The objective of this study was to describe the burden of multiple chronic diseases on the patient and the ambulatory health care system. Our results demonstrate three key trends. First, while the burden of disease on the patient, as measured by mean number of ambulatory health care visits per year, was higher for those with multiple chronic diseases, the overall impact on the primary health care system was relatively small. Second, across all disease counts and ages there were many more visits to primary health care physicians compared to specialist physicians. This trend was evident even among the most elderly patients who, with age, had ever-increasing visits to primary health care physicians, while the number of visits to specialist physicians declined. Third, we found that, while the number of primary health care visits increased with age, the elderly with no diseases had many fewer visits per year, compared to younger adults with multiple chronic diseases.
Our findings confirm what other research has suggested about the high burden of chronic disease on the individual patient [3, 4, 11]. Recently, the Canadian Institute for Health Information reported results of a national survey that found more than twice the rate of reported visits to a family doctor among seniors with three or more diseases, compared to seniors with only one chronic disease . Using data from the 2005 Canadian Community Health Survey, those with multiple chronic diseases represented 12% of the population but they accounted for 24% of all primary health care visits and 25% of all specialist consultations . In that study the mean annual number of consultations with a family doctor was 4.0 in general population, 3.1 for those with no diseases, 4.7 with 1 disease and 7.4 for those with three or more diseases; estimates that are very close to our results.

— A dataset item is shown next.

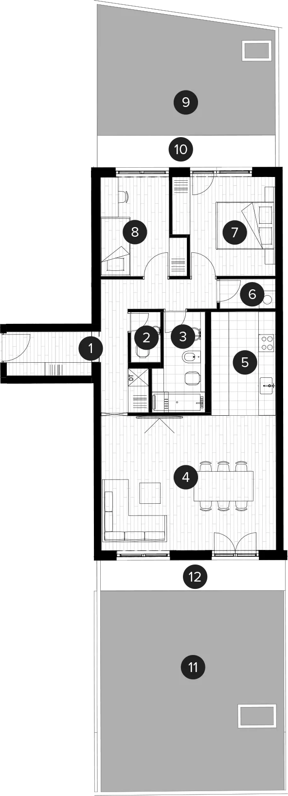 | 12 | Natkrivena terasa | 6.04 m² | 0.5 | 3.02 m² |

Importantly, our study demonstrates that patients with multiple chronic diseases do not drive overall primary health care use in Ontario because prevalence of multiple chronic diseases in the population remains low. The majority of primary health care visits continue to be made by adults who have no or one disease. Future research could assess time trends to see if this pattern is changing, given the predicted rise in the prevalence of multiple chronic diseases with the aging population.

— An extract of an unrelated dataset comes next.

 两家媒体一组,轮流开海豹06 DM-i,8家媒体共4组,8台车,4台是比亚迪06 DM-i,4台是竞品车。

We acknowledge that a number of important chronic diseases were excluded from this study, such as depression and joint disease. This may have resulted in an overestimation of the number of persons with no or one disease. Although the exclusion of these diseases may change prevalence estimates and the associated number of visits, we do not believe this has an impact on the patterns of health care utilization we found. If anything, our results are an underestimation of the overall burden of multiple chronic diseases on the primary health care system. Validation studies for the ascertainment methods for additional chronic diseases in the Ontario databases are an ongoing effort at ICES.
Canada has a strong primary health care system and primary health care providers act as gatekeepers to specialist services. Thus, it was not surprising to see that there were more primary health care visits in our study, particularly among the very elderly. The lower rate of specialist visits in the very elderly can be explained by factors such as fewer new disease diagnoses that require specialist consultation and primary care provider or patient preference for less intervention and testing. Our results are different from a U.S. study of Medicare beneficiaries where the burden of care for non-elderly patients (<65 years) with high levels of morbidity fell disproportionately on primary health care but this pattern did not hold for the elderly who had more specialist compared to primary health care visits . This may, in part, be due to the broader age categories used in the American study but could also reflect a real difference in the use of specialist and primary health care services in these two countries. The appropriate number of visits to primary health care and specialist services is difficult to establish but this research points to the continued need for a robust primary health care workforce.
Recent attention has focused on determining the relative impact of age and chronic disease burden on health system utilization . In their 2011 report, the Canadian Institute for Health Information used data from the Canadian Survey of Experiences With Primary Health Care to report on the impact of chronic diseases . In that study, the total number of chronic diseases was more important than age in predicting the annual number of health care visits made by seniors. In each of the age groups (65 to 74 years, 75 to 84 years, and 85 years and older), those with three or more reported chronic diseases had nearly three times the total number of primary health care visits compared to seniors with no reported chronic diseases. We report on the impact of age and disease count by looking at annual mean number of primary health care visits and find that, at a patient level, primary health care visits increased with both the number of diseases and also with age. The relative importance of these two factors (age and number of diseases) should be explored in future studies using statistical modeling.
This study has limitations common to all research using administrative data. These databases were constructed to serve a billing role and, thus, while they are rich in information, they were not created for research or disease ascertainment. To limit errors in our disease estimates we have used highly validated definitions of chronic diseases, but we acknowledge the possibility of over and under-ascertainment of disease. Furthermore, we estimated primary health care service use exclusively by looking at the number of visits and did not look at other health care services controlled by primary care, such as outpatient laboratory and diagnostic testing or number of prescriptions. Future research could explore these services to see if the patterns we identified hold.